6 thoughts on “Building New Wind Power is Cheaper Than Any Other Power Source

  1. Sheldon Gitis

    So why is Xcel charging more than 6 times the “as low as” cost of wind and nuclear? Is the cost of natural gas and coal that much higher? Or, is there an “as high as” cost for wind and nuclear that’s many times more expensive than the “as low as” cost?

  2. Monte Castleman

    I don’t see Xcel retiring their nuclear plants ahead of time. They made some very expensive investments to extend their lives and the nuclear plants provide a constant, 24/7 base load that’s becoming increasingly rare as coal plants are retired and things like Tesla’s battery packs to level out demand in lieu of having base load are more at a concept stage right now.

    At some point if we assume fossil fuels are going to go away, we’ll need enough renewables for our current electricity need, plus to provide electricity for all our vehicles. Is this even feasible, or do you get diminishing returns once we’ve used up all the best spots for wind and solar?

      1. Daniel ChomaDaniel Choma

        Apologies Monte, (posted on phone) this note was meant for the above comment.

        Re: Load: Insert Metallica joke. Which I will always on principle make)

        MN doesn’t have the same overwhelming load capacity as the east coast because our cities are a lot smaller. Its hard for me to justify nuclear here, as our load just isn’t New Jersey New York Philly kind of big.

        There’s a lot of data showing that with distribution technology improvements, load is not an issue.

        The other thing worth noting (at least in passing) is British Petroleum is actively investing in green energy at a faster clip than Xcel is willing to provide as a state sanctioned monopoly.
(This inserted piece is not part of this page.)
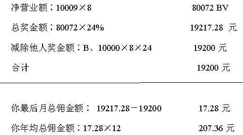 可見∶B部門完成10000PV(24%)要多得有19200元;A部門完成9 PV要少得有0元;你雖然培養(yǎng)了A、B二個部門,一個很大,一個很小,完成了10009PV,但其中的10000PV不是你完成的而是B部門完成的,所以,你不能剝削B部門的收入,雖然你也達到了24%業(yè)績,但你也只能少得有17.28元。這就是多勞多得,少勞少得的傳統(tǒng)公平原則;如果經(jīng)過你的努力,你建立了龐大的部門A、B、C……即使你的業(yè)績?yōu)榱悖]有業(yè)績要求和任何壓力)公司仍然承認你前期的付出而給你回報。這又充分體現(xiàn)了多層次獎金分配制度是按開始:多勞不得;中期多勞少得;后期少勞甚至不勞還可以多得的這樣一個公平的分配原則。這就是多層次直銷獎金分配機制的公平原則,其它原則由于篇幅所限我們在這里不一 一講敘,望讀者見諒!關(guān)于“李記”直銷商業(yè)模式其它的經(jīng)營戰(zhàn)術(shù),我們也不一 一再講述,這一點也請讀者多多見諒!

        If I’m a betting man, I think it’s wise to see what one of the world’s largest and richest corporations is doing with its money. If BP and its army of high paid lawyers and engineers thinks green energy is feasible in the near future, I think we should take strong note.

        If the $ is vying for ownership in this industry, that tells me the tech is here or nearly here.

        We would be wise to push our public utilities commission to take note.

  3. Brian

    How do you provide power when wind and solar are not providing power? Right now, there is an organization that manages the grid and forecasts how much wind and solar will be available. They request that fossil fuel peaking plants be activated if wind and solar are not enough.

    I have solar at home that covers my needs, but I still need a grid connection to cover when the sun is not shining.

    1. Daniel ChomaDaniel Choma

      That request is an explicit request that those plants are built using public money.

      What happens when those peaking plants are out of date in 5 years?

      The public will still be paying for an out of date technology through a state sanctioned monopoly for another 25 years.